[WORK REQUIRED] Beginning with the line that holds "jumlah malaikat. Perhatikan" and finishing with the line that holds "Celtic Design Wood", repeat the listing exactly, leaving every picture out.

[PROVIDED RECORDS]
┏━━

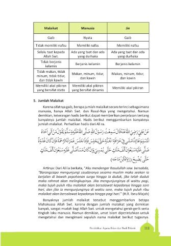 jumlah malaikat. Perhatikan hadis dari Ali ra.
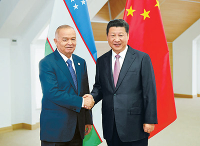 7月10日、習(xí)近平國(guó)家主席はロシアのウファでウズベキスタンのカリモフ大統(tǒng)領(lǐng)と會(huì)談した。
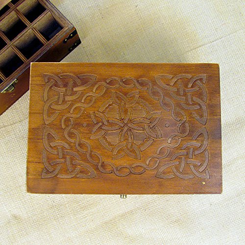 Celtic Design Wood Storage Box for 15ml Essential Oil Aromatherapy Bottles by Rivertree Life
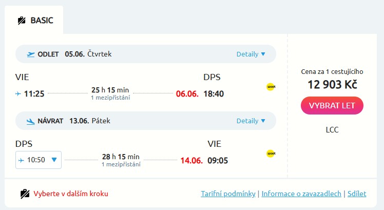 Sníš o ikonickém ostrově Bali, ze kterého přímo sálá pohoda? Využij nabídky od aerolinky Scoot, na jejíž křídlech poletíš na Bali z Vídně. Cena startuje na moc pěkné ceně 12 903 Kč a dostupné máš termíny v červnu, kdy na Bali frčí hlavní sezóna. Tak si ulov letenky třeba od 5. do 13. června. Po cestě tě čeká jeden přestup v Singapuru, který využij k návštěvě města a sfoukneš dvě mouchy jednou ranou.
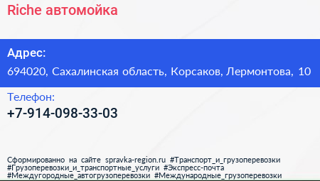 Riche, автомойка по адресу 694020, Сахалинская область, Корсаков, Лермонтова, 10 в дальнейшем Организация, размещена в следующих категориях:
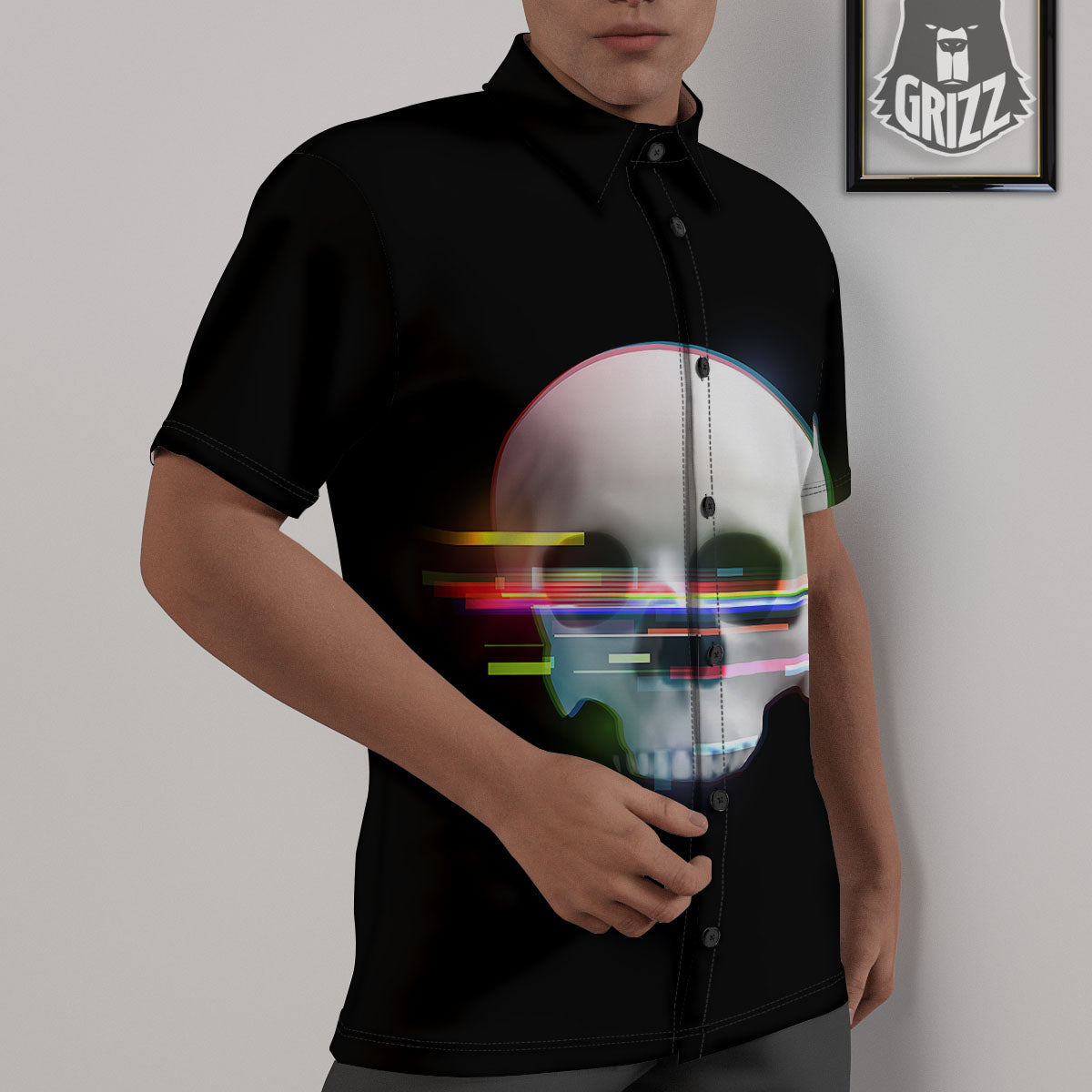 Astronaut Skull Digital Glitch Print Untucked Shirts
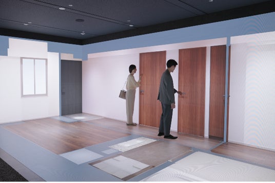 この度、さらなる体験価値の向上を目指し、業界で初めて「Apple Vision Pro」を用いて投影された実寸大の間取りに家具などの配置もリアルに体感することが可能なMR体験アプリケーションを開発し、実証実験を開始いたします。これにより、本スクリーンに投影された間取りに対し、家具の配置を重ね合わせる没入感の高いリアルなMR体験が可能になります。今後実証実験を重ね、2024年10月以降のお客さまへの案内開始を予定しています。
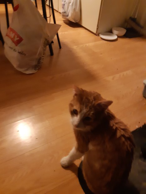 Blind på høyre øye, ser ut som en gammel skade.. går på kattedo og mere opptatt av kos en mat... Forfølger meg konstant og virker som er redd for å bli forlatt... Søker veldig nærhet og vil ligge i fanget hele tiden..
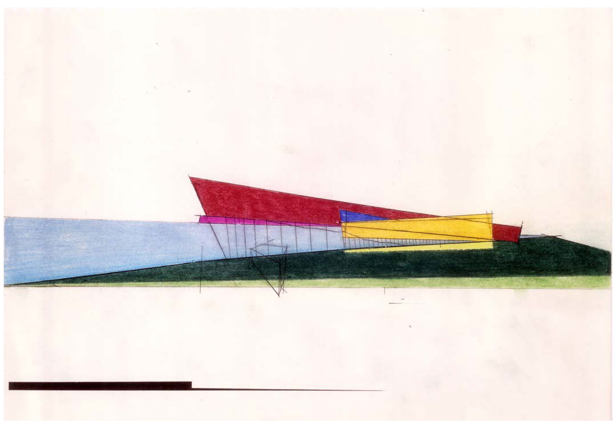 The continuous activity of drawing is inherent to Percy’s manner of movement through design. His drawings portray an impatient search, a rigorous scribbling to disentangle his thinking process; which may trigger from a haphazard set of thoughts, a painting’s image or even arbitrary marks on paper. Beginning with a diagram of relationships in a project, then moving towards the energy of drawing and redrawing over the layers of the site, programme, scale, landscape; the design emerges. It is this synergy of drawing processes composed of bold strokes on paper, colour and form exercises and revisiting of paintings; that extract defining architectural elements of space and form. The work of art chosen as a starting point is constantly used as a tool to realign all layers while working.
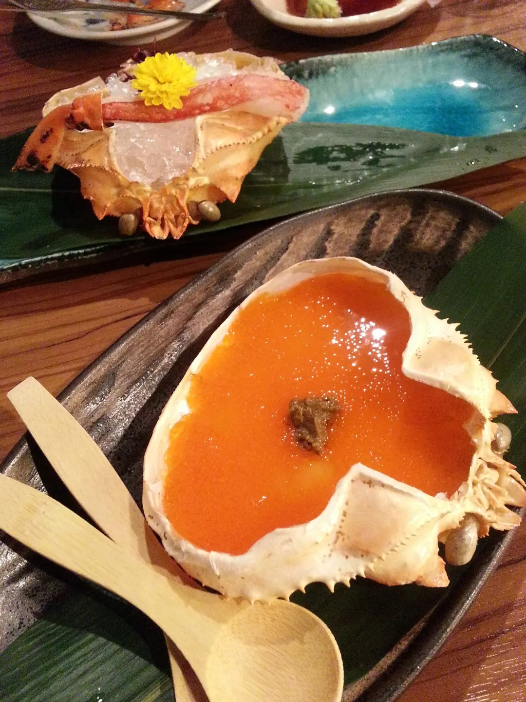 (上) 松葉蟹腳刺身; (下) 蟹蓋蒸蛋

┗━━
┏━━

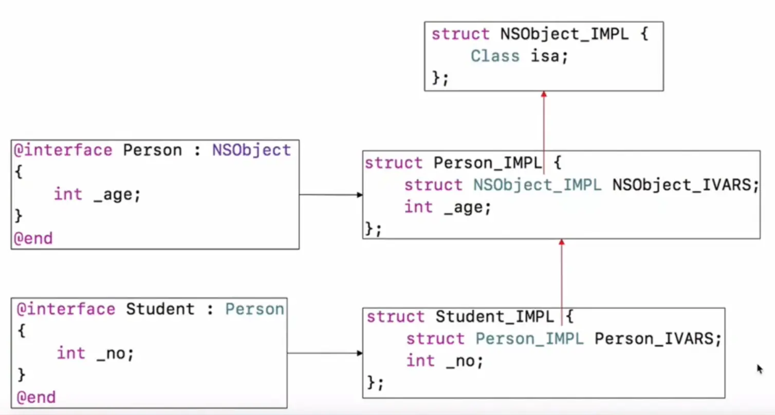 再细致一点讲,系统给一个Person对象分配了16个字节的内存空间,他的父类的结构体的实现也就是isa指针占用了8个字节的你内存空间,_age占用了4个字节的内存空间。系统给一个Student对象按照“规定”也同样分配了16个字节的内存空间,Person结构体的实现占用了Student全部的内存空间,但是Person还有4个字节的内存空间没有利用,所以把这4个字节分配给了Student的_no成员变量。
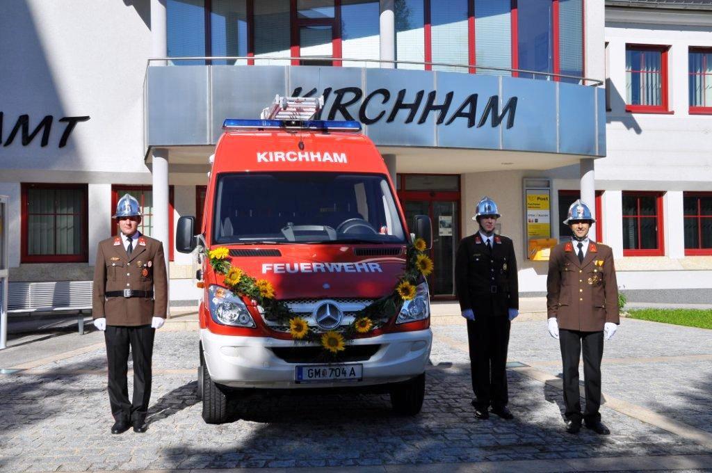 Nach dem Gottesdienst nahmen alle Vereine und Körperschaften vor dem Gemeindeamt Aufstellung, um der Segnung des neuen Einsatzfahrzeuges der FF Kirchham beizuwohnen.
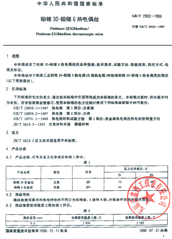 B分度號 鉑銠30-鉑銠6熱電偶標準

┗━━
┏━━

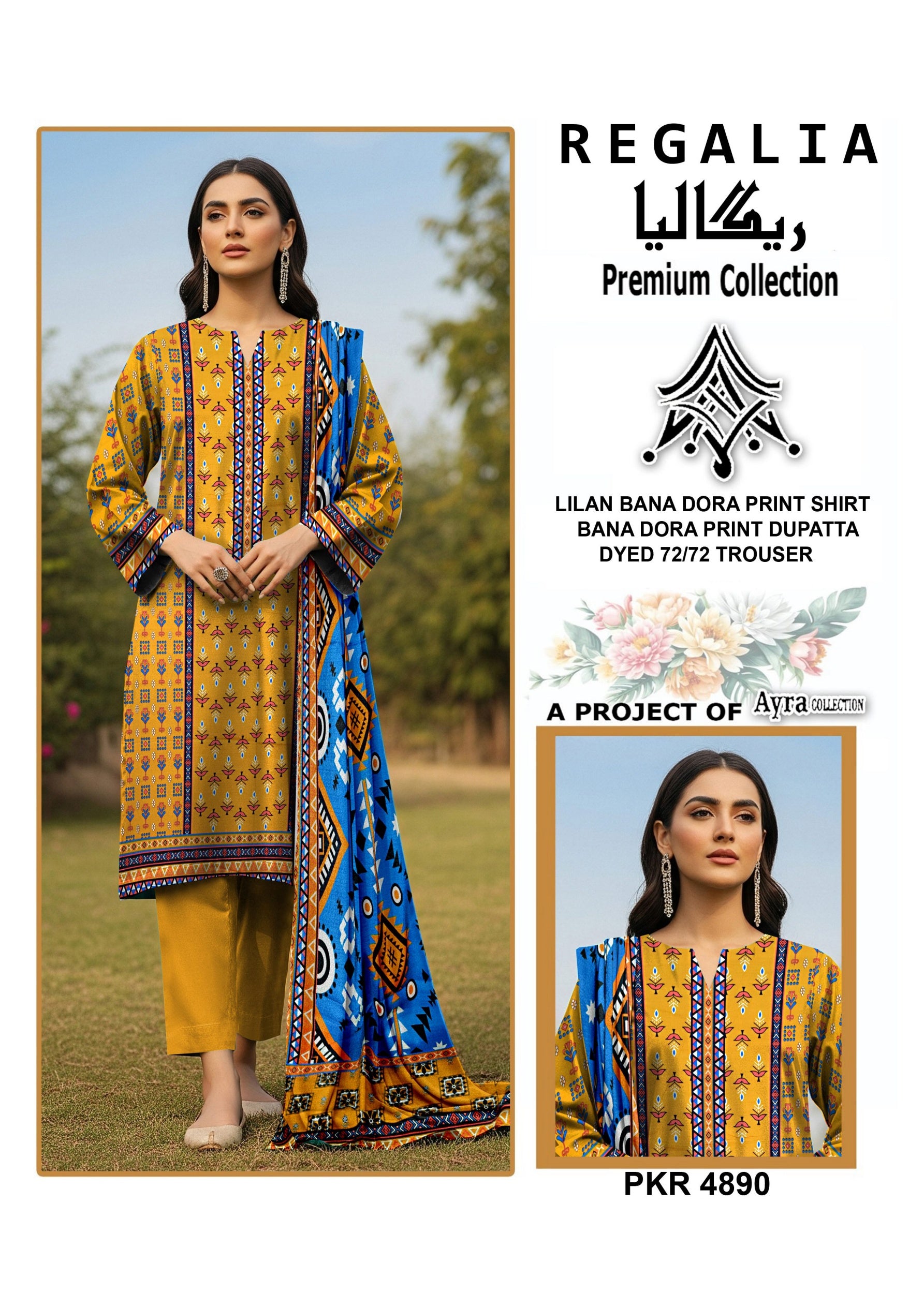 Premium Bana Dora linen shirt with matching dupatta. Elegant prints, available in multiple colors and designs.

┗━━

[REPLY TO THE TASK]
 jumlah malaikat. Perhatikan hadis dari Ali ra.
 7月10日、習(xí)近平國(guó)家主席はロシアのウファでウズベキスタンのカリモフ大統(tǒng)領(lǐng)と會(huì)談した。
 Celtic Design Wood Storage Box for 15ml Essential Oil Aromatherapy Bottles by Rivertree Life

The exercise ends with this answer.